Brussels: Farmers threw eggs and stones at the European Parliament on Thursday, starting fires near the building and setting off fireworks amid protests to press a summit of European Union leaders to do more to help them with taxes and rising costs.
Protesters tried to tear down the barriers erected in front of parliament - a few blocks from where the summit was taking place - but police pushed them back with water hoses. Police also fired teargas.
A local official said that a statue on the square where farmers were gathered near the parliament with their tractors was damaged.
Major thoroughfares in Brussels, the heart of the European Union, were blocked by around 1,300 tractors, according to a police estimate. Farmers from Italy, Spain and other European countries also took part in the protests.
Security personnel in riot gear stood guard behind barriers where the leaders were meeting at European Council headquarters.

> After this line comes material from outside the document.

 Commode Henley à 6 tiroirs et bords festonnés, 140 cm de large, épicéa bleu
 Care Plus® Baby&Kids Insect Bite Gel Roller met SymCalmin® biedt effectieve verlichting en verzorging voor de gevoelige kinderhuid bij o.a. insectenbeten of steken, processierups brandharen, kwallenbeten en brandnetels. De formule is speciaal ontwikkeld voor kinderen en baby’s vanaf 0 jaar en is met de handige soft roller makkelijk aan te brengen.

Farmers say they are not being paid enough, are choked by taxes and green rules and face unfair competition from abroad.
The protests across Europe come ahead of European Parliament elections in June in which the far right, for whom farmers represent a growing constituency, is seen making gains.

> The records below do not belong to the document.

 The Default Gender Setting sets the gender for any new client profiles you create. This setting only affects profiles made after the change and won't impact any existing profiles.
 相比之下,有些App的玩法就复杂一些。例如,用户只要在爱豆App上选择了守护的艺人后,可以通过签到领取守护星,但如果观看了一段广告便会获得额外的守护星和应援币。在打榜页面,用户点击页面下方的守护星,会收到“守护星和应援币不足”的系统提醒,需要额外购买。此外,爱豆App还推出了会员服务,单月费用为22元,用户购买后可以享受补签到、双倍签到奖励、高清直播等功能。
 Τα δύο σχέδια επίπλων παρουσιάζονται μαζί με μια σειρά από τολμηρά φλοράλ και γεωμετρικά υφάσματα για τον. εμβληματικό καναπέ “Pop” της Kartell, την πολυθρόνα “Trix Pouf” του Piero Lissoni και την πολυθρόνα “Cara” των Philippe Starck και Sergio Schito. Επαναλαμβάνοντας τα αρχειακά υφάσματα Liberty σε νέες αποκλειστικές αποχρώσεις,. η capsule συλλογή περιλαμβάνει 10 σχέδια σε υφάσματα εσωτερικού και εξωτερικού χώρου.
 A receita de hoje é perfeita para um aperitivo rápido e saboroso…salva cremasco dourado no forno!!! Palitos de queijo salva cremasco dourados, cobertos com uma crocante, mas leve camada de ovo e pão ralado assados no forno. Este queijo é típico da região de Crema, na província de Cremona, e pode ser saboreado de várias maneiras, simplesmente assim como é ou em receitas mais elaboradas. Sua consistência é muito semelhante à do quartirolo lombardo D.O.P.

"You know what's happening: European elections are coming, and politicians are super nervous and also the European Commission. And I think that this is the best moment that together all the European farmers go to the street," said Jose Maria Castilla, a farmer representing the Spanish Farmers' Union Asaja.
One tractor displayed a banner saying "If you love the earth, support those who manage it" as farmers from Belgium and other European countries try to make themselves heard by EU leaders meeting later.
Another banner read "No farmers, no food".
"If you see with how many people we are here today, and if you see it's all over Europe, so you must have hope. We must have hope that these people see that farming is necessary. It's the food, you know," said Kevin Bertens, a farmer from just outside Brussels.
European Parliament President Roberta Metsola said, "To the farmers that are outside. We see you and we hear you."
Farmers have already secured several measures, including the bloc's executive Commission proposals to limit farm imports from Ukraine and loosen some environmental regulations on fallow lands.
In France, where farmers have been protesting for weeks, the government has dropped plans to gradually reduce subsidies on agricultural diesel and promised more aid.
But farmers say that is not enough, and protests have spread to countries including Spain and Portugal.
While the farmers' crisis is not officially on the agenda of the EU summit, it is bound to be discussed, at least on the margins.
Already, with all eyes on Viktor Orban as the other 26 EU leaders wants to convince him at the summit to join a plan to offer stable financing to Ukraine, the Hungarian Prime Minister made a point of meeting farmers overnight.
"We need to find new leaders who truly represent the interests of the people," his spokesman quoted him as saying, referring to the European Parliament elections. "The @EU_Commission should represent the interests of European farmers against those of Ukraine, not the other way around," he quoted Orban as saying.
As he arrived at the summit, Belgian Prime Minister Alexander De Croo said that the farmers' grievances should be discussed.
"They offer products of high quality, we also need to make sure that they can get the right price for the high-quality products that they provide," he said.
Meanwhile, Irish Prime Minister Leo Varadkar echoed French President Emmanuel Macron's opposition to signing a trade deal with the Mercosur group of South American countries in its current form - another key demand for farmers.
In France, where farmers stepped up protests at the start of the week, the impact of dozens of blockades is starting to be felt, said Eric Hemar, the head of a federation of transport and logistics employers.
"We did a poll among our federation members: all transport firms are impacted (by the farmers' protest) and have lost over the past 10 days about 30 per cent of their revenue, because we are not able to deliver on time or with delays," he said.